• [AVAILABLE DATA]
BEGIN

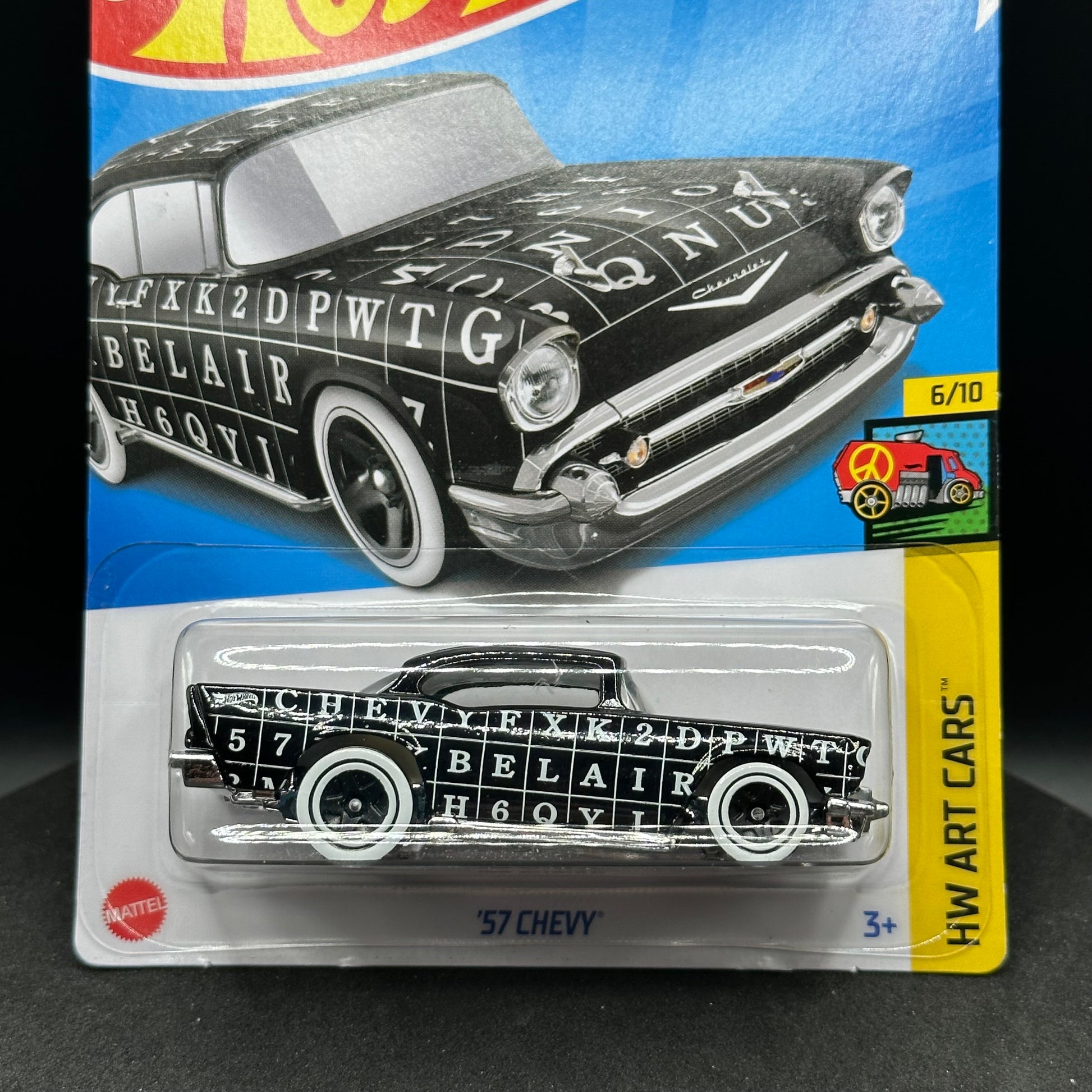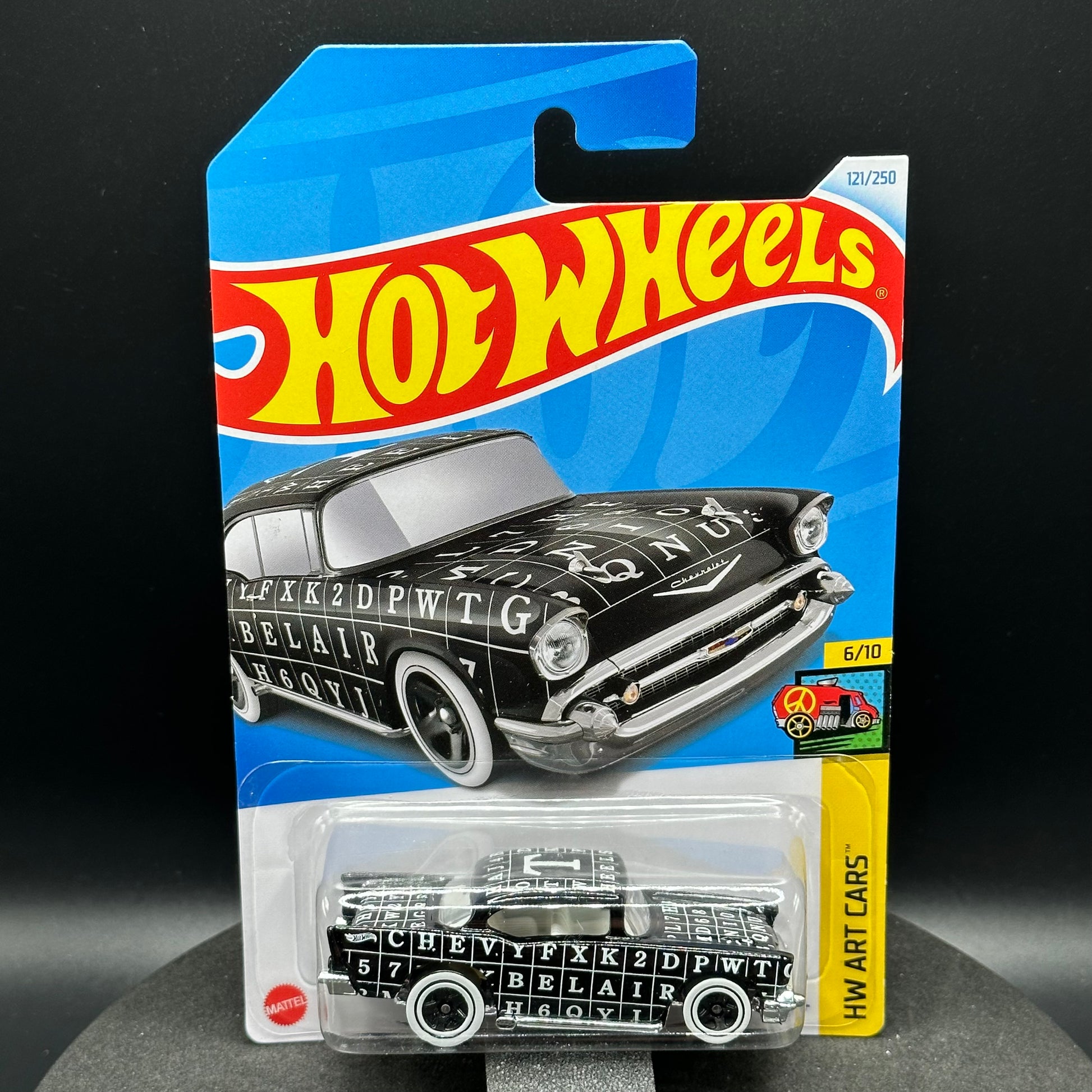 Hot Wheels ‘57 Chevy in black with white letters. Spells ‘57 Chevy Bel Air on the side and Hot Wheels on the roof. There are multiple available and you might not get the exact one in the picture. They are all in good condition but may have slightly soft corners. All Hot Wheels will be wrapped in bubble wrap and shipped in a box for added protection.
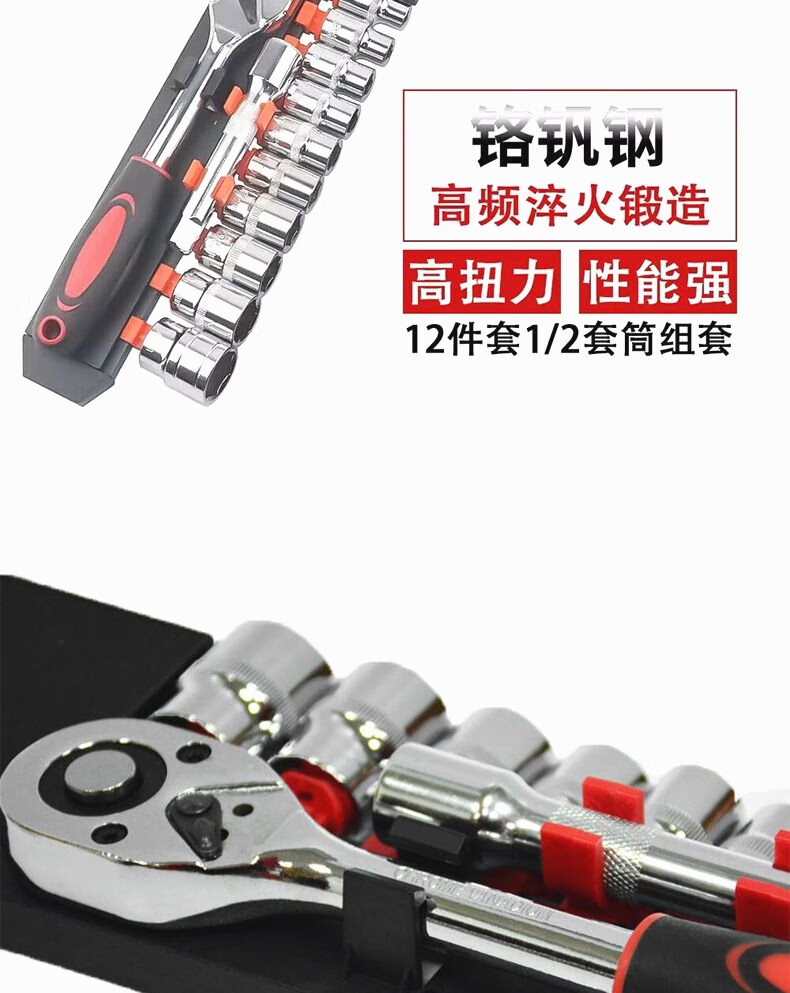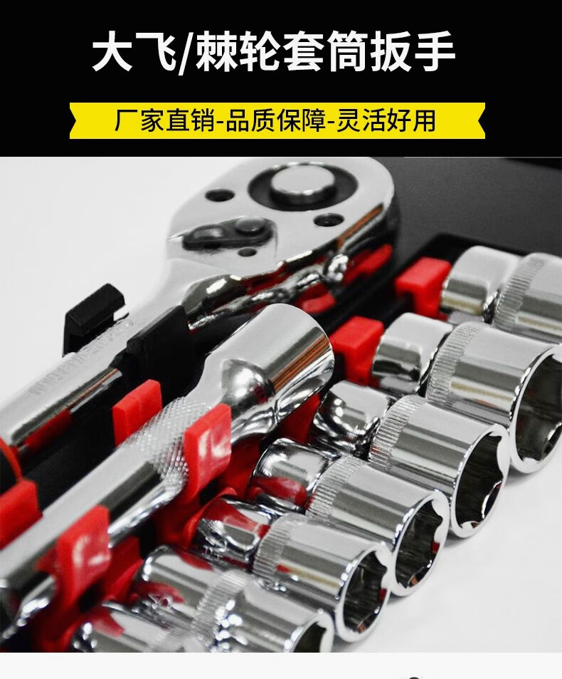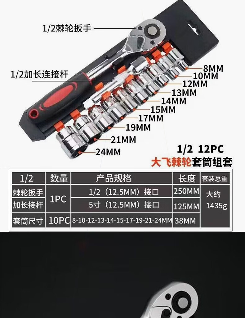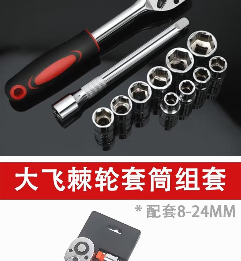 Dafei 12-piece ratchet wrench labor-saving quick repair socket tool car and motorcycle manual wrench combination 8-24 chrome-plated 1/2 Dafei 12-piece combination
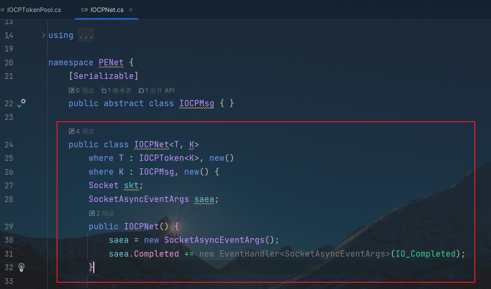 IOCPNet是网络库的,核心逻辑整合,会调用之前解析的,其他逻辑模块; 声明一个Socket连接套接字skt、还有一个异步网络连接SocketAsyncEventArgs变量saea; 在构造函数中,完成saea的初始化,和完成回调绑定;
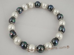 Black and white have always been a fantastic color combination, and this Stretchy bracelet is no exception. 8mm white and black south sea shell pearl are strung with silver spacers accent pieces; this pearl bracelet measures 7.5 inches and strung on stretch-cord to fit any size wrists!
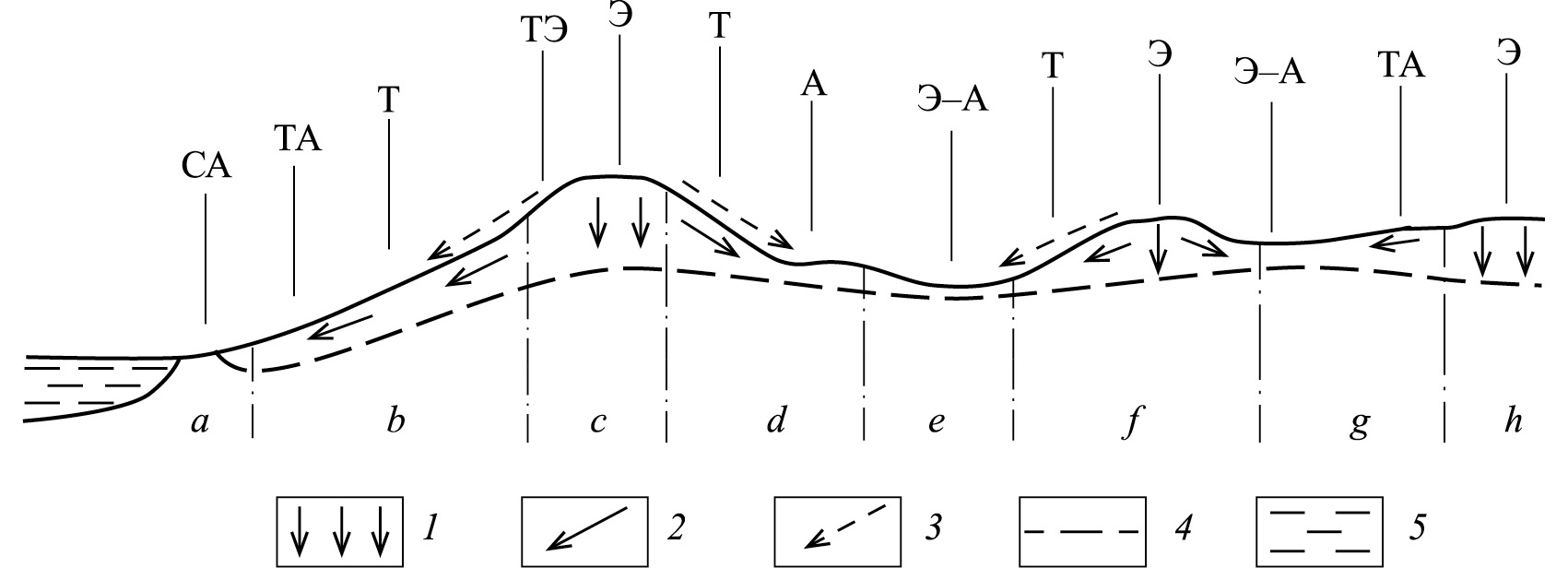 Рис. 1. Схема катенарной организации ландшафтных фаций (биогеоценозов) и их групп в условиях равнинного и низкогорного рельефа. Перенос влаги и вещества в почве и рыхлых отложениях: 1 — в вертикальном направлении; 2 — вдоль склона; 3 — литодинамические и воздушные потоки; 4 — уровень грунтовых вод; 5 — водоем. Локальные типы местоположений (по: Высоцкий, 1960; Глазовская, 1964): Э — элювиальный (плакорный); ТЭ — трансэлювиальный; Т — транзитный; ТА — трансаккумулятивный; А — аккумулятивный; СА — супераквальный (здесь и на рис. 2).
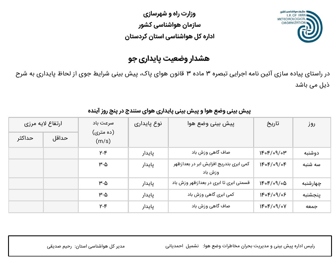 بولتن آلودگی استان کردستان؛ تاریخ صدور : دوشنبه 3 آذر ماه 1404
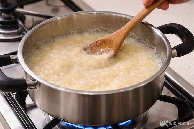 간 감자를 냄비에 붓고 중간 불에서 천천히 저어가며 끓이다 보면 점차 끈적한 점성이 생긴다.
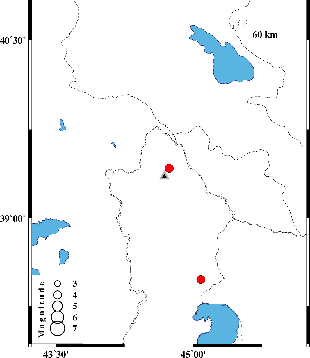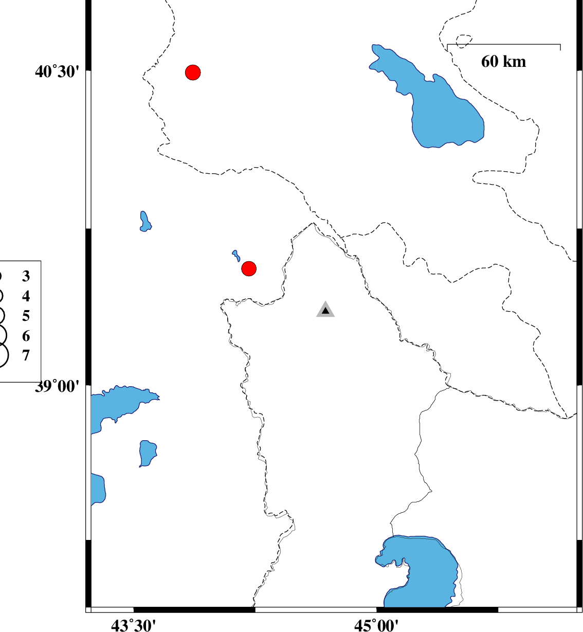 | 2023/11/13 | 14:58:05.9 | 18:28:05.9 | 39.423 | 44.736 | 10 | ML:4.3 | Azarbaijan Gharbi Province, 25 km North-East of Maku | ||
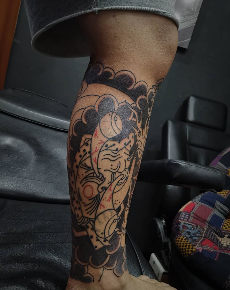 当前位置: 首页 >贵州省贵阳市纹身店-贵阳魔魂刺青纹身图案>包小腿未完成纹身图片_老传统纹身图案
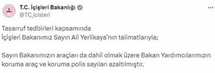 Açıklamada "Tasarruf tedbirleri kapsamında İçişleri Bakanımız Sayın Ali Yerlikaya’nın talimatlarıyla; Sayın Bakanımızın araçları da dahil olmak üzere Bakan Yardımcılarımızın koruma araç ve koruma polis sayıları azaltılmıştır." ifadeleri kullanıldı.
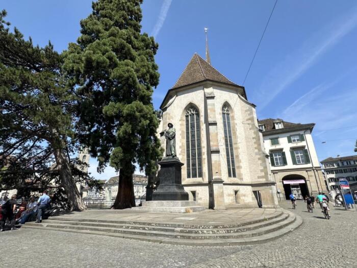 マルク シャガールとアウグスト ジャコメッティによる美しいステンドグラスで知られるチューリッヒの有名な教会。

END

• [REQUIREMENT] Repeat the records in full, exactly as they appear, without the pictures.

• [SOLUTION]
 Hot Wheels ‘57 Chevy in black with white letters. Spells ‘57 Chevy Bel Air on the side and Hot Wheels on the roof. There are multiple available and you might not get the exact one in the picture. They are all in good condition but may have slightly soft corners. All Hot Wheels will be wrapped in bubble wrap and shipped in a box for added protection.
 Dafei 12-piece ratchet wrench labor-saving quick repair socket tool car and motorcycle manual wrench combination 8-24 chrome-plated 1/2 Dafei 12-piece combination
 IOCPNet是网络库的,核心逻辑整合,会调用之前解析的,其他逻辑模块; 声明一个Socket连接套接字skt、还有一个异步网络连接SocketAsyncEventArgs变量saea; 在构造函数中,完成saea的初始化,和完成回调绑定;
 Black and white have always been a fantastic color combination, and this Stretchy bracelet is no exception. 8mm white and black south sea shell pearl are strung with silver spacers accent pieces; this pearl bracelet measures 7.5 inches and strung on stretch-cord to fit any size wrists!
 Рис. 1. Схема катенарной организации ландшафтных фаций (биогеоценозов) и их групп в условиях равнинного и низкогорного рельефа. Перенос влаги и вещества в почве и рыхлых отложениях: 1 — в вертикальном направлении; 2 — вдоль склона; 3 — литодинамические и воздушные потоки; 4 — уровень грунтовых вод; 5 — водоем. Локальные типы местоположений (по: Высоцкий, 1960; Глазовская, 1964): Э — элювиальный (плакорный); ТЭ — трансэлювиальный; Т — транзитный; ТА — трансаккумулятивный; А — аккумулятивный; СА — супераквальный (здесь и на рис. 2).
 بولتن آلودگی استان کردستان؛ تاریخ صدور : دوشنبه 3 آذر ماه 1404
 간 감자를 냄비에 붓고 중간 불에서 천천히 저어가며 끓이다 보면 점차 끈적한 점성이 생긴다.
 | 2023/11/13 | 14:58:05.9 | 18:28:05.9 | 39.423 | 44.736 | 10 | ML:4.3 | Azarbaijan Gharbi Province, 25 km North-East of Maku | ||
 当前位置: 首页 >贵州省贵阳市纹身店-贵阳魔魂刺青纹身图案>包小腿未完成纹身图片_老传统纹身图案
 Açıklamada "Tasarruf tedbirleri kapsamında İçişleri Bakanımız Sayın Ali Yerlikaya’nın talimatlarıyla; Sayın Bakanımızın araçları da dahil olmak üzere Bakan Yardımcılarımızın koruma araç ve koruma polis sayıları azaltılmıştır." ifadeleri kullanıldı.
 マルク シャガールとアウグスト ジャコメッティによる美しいステンドグラスで知られるチューリッヒの有名な教会。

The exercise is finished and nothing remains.